━━ DATA FOR THIS EXERCISE

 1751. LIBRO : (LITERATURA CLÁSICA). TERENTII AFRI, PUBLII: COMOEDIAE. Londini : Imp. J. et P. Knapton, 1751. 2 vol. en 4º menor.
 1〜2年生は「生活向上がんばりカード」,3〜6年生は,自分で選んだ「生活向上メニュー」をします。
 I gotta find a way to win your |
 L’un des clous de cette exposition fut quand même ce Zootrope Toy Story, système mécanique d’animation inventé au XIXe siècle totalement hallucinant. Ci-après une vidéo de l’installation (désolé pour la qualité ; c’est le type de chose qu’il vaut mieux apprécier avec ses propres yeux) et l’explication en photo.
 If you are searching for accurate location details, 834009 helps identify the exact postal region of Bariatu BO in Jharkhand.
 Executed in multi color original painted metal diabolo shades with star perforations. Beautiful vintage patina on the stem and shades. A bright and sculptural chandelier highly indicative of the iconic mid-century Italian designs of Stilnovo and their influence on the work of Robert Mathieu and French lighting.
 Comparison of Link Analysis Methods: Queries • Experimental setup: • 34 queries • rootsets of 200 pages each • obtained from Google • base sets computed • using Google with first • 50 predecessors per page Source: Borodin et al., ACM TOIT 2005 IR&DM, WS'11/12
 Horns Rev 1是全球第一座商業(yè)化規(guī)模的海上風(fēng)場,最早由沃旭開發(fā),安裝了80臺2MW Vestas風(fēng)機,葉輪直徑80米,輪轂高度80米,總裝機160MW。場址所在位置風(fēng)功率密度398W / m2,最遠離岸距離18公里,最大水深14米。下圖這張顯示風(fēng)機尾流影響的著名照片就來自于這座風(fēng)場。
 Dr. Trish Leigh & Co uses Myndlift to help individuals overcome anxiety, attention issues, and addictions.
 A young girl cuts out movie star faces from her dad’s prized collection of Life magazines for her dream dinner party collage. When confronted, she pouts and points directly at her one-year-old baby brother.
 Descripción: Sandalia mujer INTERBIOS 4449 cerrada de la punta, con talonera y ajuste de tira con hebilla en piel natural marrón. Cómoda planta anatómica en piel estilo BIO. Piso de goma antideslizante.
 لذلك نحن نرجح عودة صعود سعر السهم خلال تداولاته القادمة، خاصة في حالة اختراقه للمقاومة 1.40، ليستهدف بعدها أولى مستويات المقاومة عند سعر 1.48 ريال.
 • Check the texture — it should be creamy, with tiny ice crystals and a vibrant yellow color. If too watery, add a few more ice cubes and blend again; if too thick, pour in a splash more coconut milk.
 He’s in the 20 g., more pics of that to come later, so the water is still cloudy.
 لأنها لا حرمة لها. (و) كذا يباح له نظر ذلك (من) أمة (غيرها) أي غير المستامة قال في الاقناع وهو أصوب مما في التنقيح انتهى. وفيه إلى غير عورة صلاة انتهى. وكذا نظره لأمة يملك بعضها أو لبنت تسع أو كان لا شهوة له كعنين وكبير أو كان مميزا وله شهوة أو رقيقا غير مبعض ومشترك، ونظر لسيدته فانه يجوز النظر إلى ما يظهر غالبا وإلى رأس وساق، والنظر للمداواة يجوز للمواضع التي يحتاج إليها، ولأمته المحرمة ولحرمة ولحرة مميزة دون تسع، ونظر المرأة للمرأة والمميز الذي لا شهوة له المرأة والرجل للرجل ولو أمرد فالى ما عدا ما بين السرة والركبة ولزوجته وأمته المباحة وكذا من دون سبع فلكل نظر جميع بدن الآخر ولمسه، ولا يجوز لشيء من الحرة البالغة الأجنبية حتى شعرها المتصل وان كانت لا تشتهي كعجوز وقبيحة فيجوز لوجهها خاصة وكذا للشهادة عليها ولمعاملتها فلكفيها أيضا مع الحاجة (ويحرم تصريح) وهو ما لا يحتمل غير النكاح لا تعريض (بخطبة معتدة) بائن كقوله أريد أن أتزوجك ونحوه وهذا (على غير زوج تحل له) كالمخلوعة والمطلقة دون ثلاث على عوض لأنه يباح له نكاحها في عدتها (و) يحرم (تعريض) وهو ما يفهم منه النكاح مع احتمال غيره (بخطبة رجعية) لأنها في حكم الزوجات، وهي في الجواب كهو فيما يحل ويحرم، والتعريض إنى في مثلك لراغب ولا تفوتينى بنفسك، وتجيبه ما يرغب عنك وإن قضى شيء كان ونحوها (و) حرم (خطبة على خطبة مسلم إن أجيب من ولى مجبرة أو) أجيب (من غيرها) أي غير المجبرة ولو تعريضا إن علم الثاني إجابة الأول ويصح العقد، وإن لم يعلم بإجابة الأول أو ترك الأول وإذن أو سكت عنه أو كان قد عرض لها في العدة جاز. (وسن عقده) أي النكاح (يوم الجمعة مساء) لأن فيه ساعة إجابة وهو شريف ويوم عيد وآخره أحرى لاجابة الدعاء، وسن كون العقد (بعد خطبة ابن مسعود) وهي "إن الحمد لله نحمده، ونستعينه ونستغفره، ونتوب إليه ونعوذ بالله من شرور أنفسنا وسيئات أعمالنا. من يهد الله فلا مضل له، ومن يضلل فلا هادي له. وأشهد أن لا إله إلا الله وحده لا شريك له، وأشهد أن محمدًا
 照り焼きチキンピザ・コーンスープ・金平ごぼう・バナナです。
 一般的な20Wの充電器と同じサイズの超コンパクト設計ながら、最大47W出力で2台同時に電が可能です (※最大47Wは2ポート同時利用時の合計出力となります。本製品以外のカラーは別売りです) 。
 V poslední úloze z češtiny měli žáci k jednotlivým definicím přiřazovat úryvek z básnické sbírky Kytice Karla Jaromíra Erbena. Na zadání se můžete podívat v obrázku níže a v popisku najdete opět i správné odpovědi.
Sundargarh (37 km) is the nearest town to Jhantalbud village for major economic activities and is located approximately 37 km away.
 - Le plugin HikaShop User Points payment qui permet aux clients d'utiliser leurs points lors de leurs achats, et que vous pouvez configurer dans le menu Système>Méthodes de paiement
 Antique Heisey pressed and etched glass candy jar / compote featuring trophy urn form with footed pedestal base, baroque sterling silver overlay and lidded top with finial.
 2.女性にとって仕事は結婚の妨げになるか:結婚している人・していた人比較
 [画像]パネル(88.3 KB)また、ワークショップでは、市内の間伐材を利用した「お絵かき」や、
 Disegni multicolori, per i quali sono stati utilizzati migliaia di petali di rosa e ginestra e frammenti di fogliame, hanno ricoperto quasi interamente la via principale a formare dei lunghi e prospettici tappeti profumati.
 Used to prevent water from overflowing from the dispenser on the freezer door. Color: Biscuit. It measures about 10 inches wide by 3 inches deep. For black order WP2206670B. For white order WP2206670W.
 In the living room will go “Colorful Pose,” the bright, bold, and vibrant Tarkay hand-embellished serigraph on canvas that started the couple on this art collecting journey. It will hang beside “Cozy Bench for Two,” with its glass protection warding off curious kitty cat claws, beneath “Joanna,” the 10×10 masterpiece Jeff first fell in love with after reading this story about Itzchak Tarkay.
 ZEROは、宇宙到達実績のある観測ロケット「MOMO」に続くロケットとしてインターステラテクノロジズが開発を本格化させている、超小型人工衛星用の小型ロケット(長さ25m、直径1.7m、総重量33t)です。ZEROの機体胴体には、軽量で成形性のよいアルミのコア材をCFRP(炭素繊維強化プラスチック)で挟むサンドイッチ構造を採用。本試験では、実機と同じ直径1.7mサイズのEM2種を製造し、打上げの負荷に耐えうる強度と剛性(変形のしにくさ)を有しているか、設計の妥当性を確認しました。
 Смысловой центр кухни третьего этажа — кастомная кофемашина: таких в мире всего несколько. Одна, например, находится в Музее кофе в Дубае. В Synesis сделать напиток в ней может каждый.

━━━━

*TASK*. Your answer should be only the number of lines in the entries above that hold the string "base".

*SOLUTION*. 2